== DATA PROVIDED ==
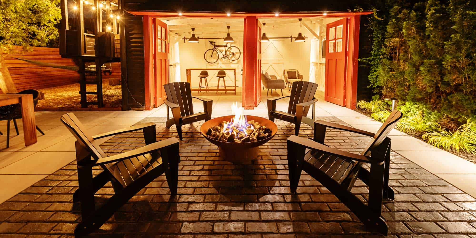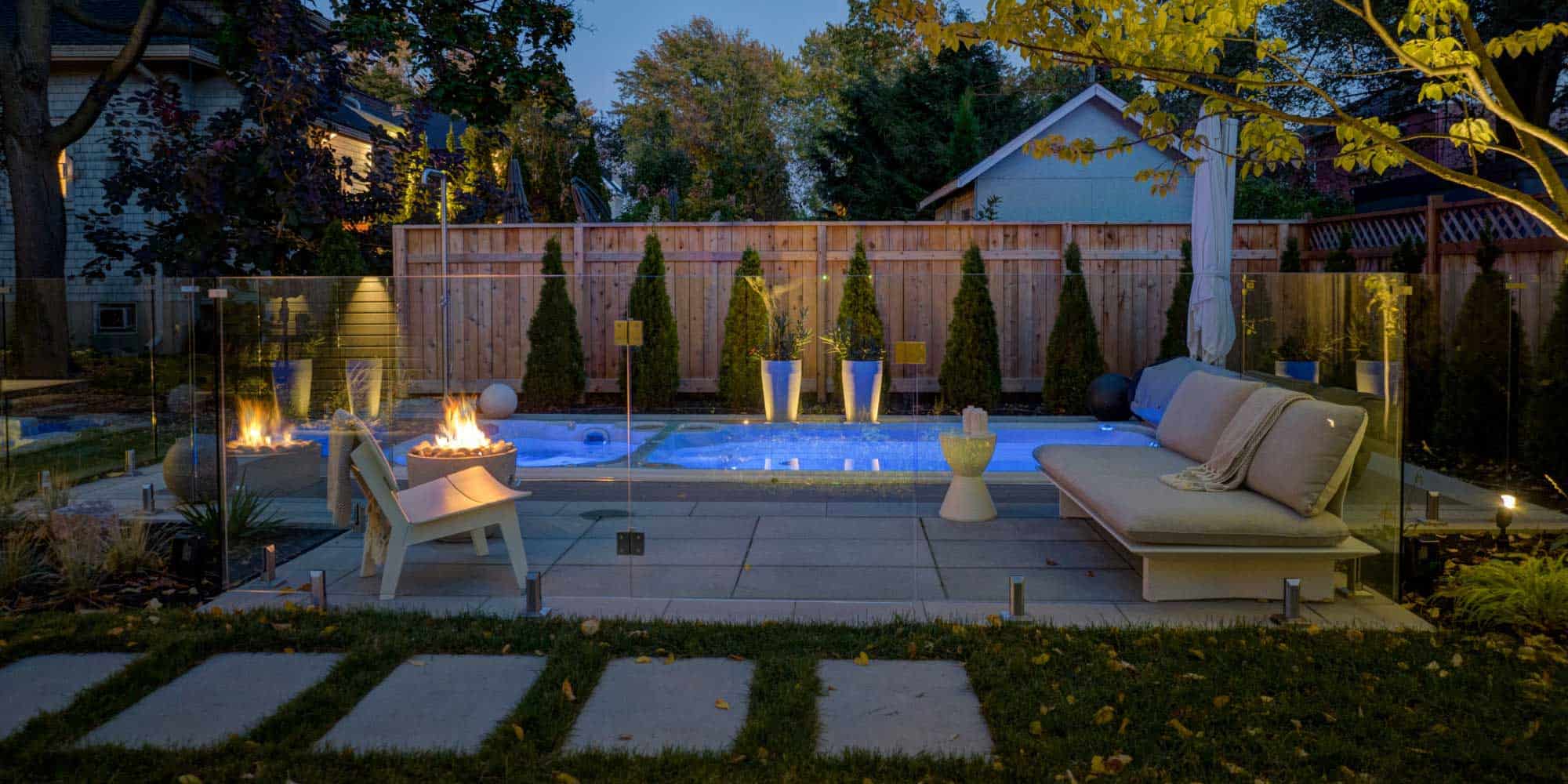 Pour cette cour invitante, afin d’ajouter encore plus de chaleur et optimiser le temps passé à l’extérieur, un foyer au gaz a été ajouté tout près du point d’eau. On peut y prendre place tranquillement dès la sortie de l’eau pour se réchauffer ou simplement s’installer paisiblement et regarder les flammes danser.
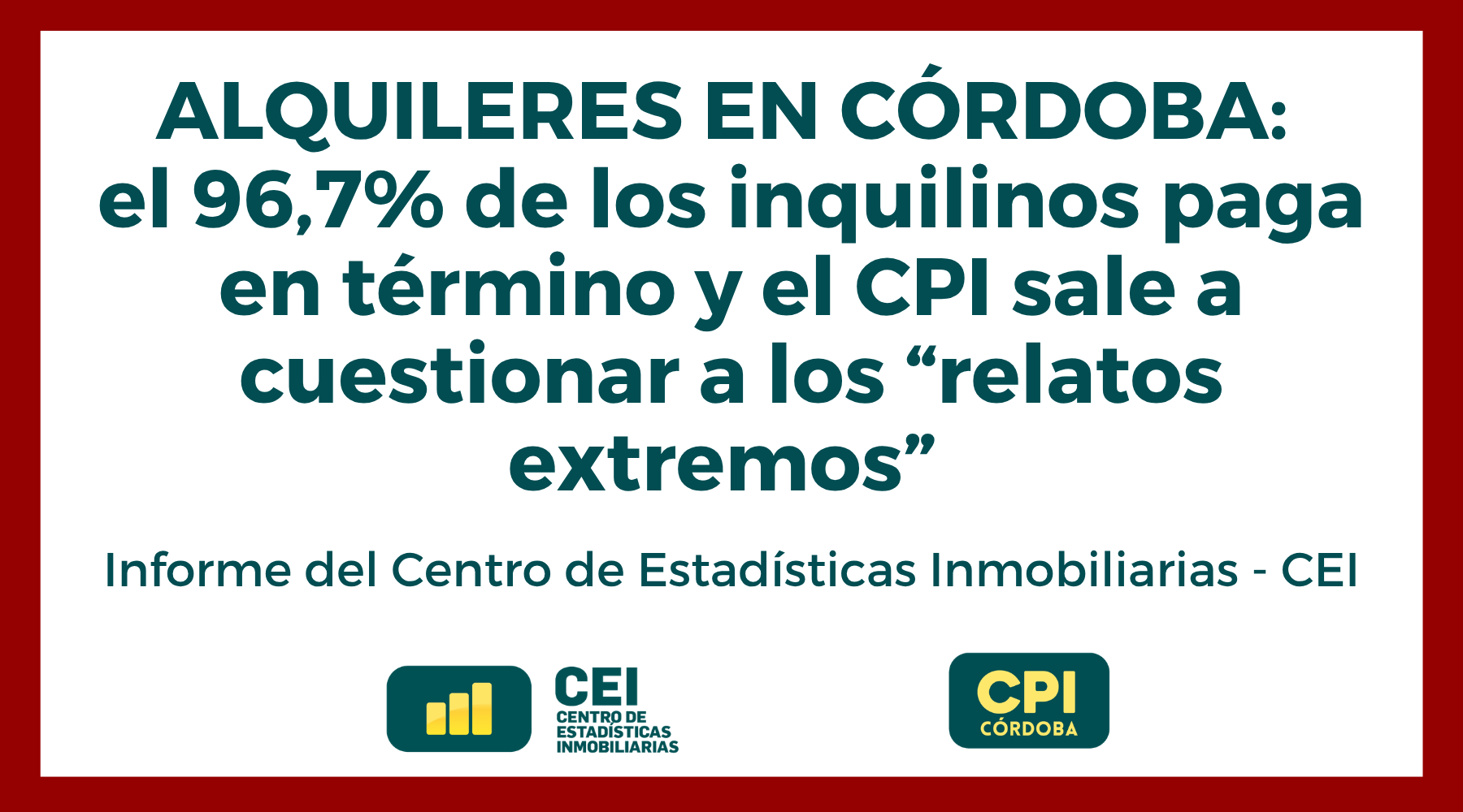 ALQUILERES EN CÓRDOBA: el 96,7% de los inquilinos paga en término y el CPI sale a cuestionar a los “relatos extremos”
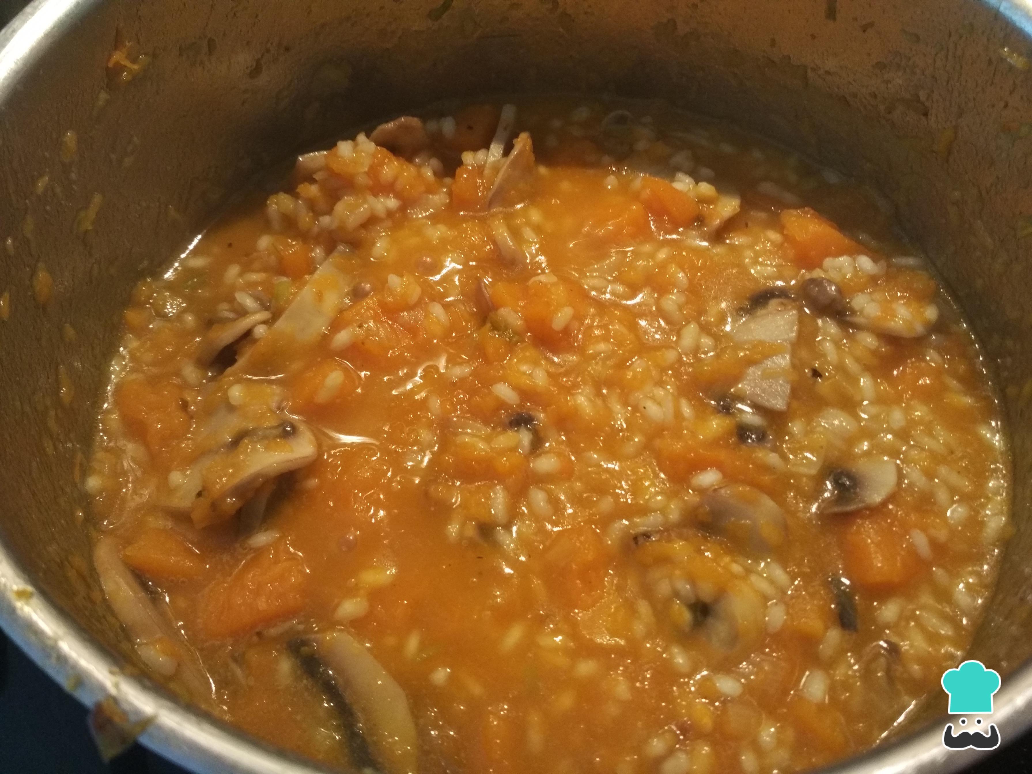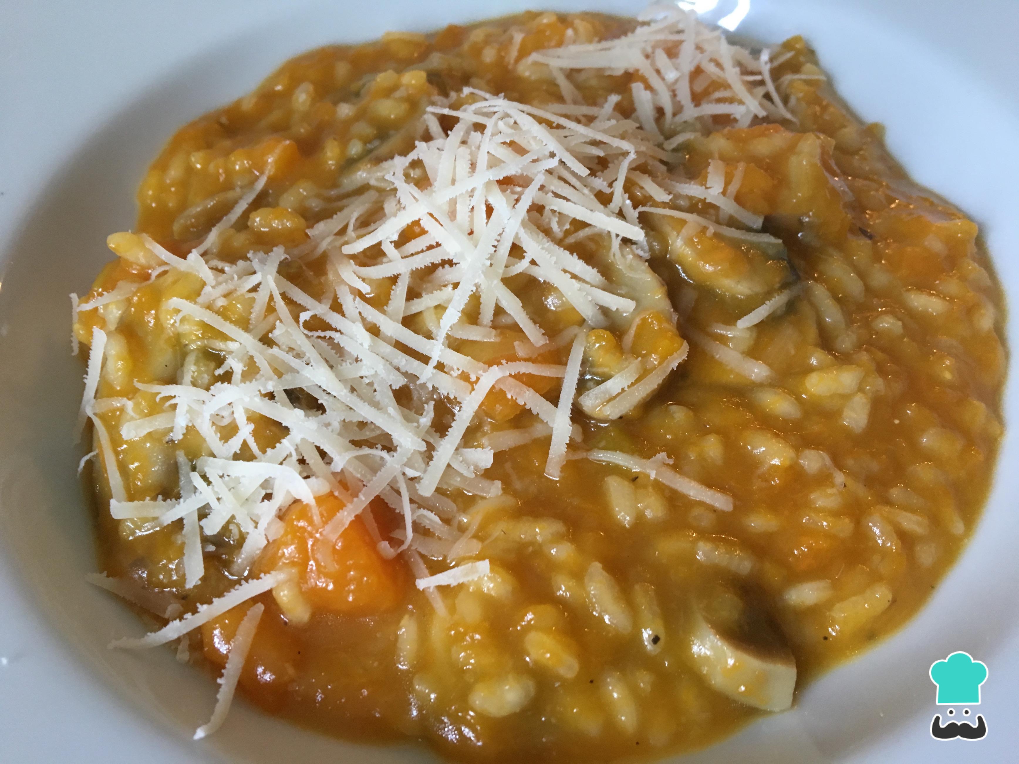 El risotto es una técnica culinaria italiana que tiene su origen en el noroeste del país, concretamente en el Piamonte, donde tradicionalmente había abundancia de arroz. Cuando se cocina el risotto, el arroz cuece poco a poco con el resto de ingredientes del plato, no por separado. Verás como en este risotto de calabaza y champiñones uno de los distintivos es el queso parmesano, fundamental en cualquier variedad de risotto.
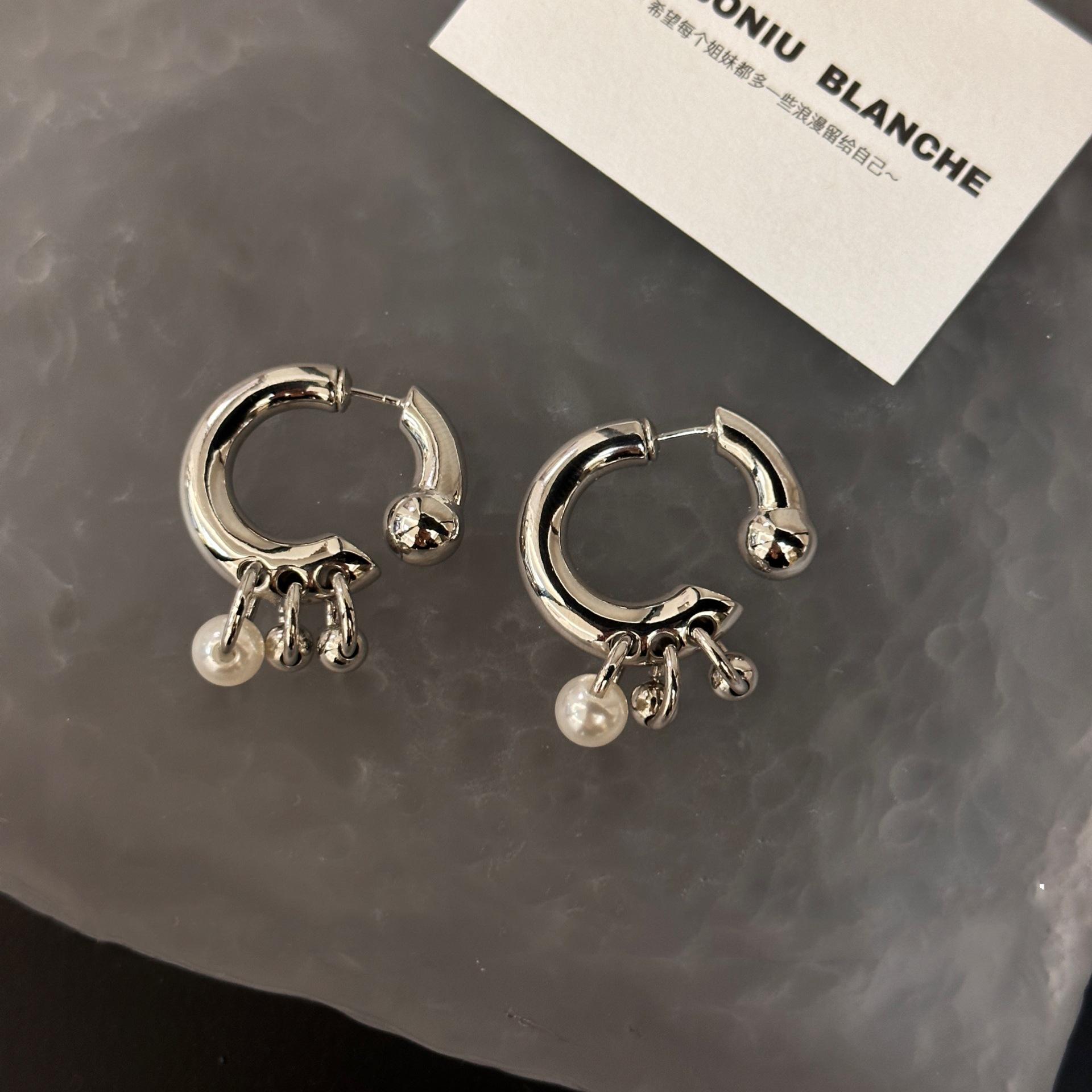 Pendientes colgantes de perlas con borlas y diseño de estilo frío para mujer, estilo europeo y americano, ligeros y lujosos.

== WORK TO COMPLETE ==
Reproduce the material exactly; keep pictures out.

== OUTPUT BELOW ==
 Pour cette cour invitante, afin d’ajouter encore plus de chaleur et optimiser le temps passé à l’extérieur, un foyer au gaz a été ajouté tout près du point d’eau. On peut y prendre place tranquillement dès la sortie de l’eau pour se réchauffer ou simplement s’installer paisiblement et regarder les flammes danser.
 ALQUILERES EN CÓRDOBA: el 96,7% de los inquilinos paga en término y el CPI sale a cuestionar a los “relatos extremos”
 El risotto es una técnica culinaria italiana que tiene su origen en el noroeste del país, concretamente en el Piamonte, donde tradicionalmente había abundancia de arroz. Cuando se cocina el risotto, el arroz cuece poco a poco con el resto de ingredientes del plato, no por separado. Verás como en este risotto de calabaza y champiñones uno de los distintivos es el queso parmesano, fundamental en cualquier variedad de risotto.
 Pendientes colgantes de perlas con borlas y diseño de estilo frío para mujer, estilo europeo y americano, ligeros y lujosos.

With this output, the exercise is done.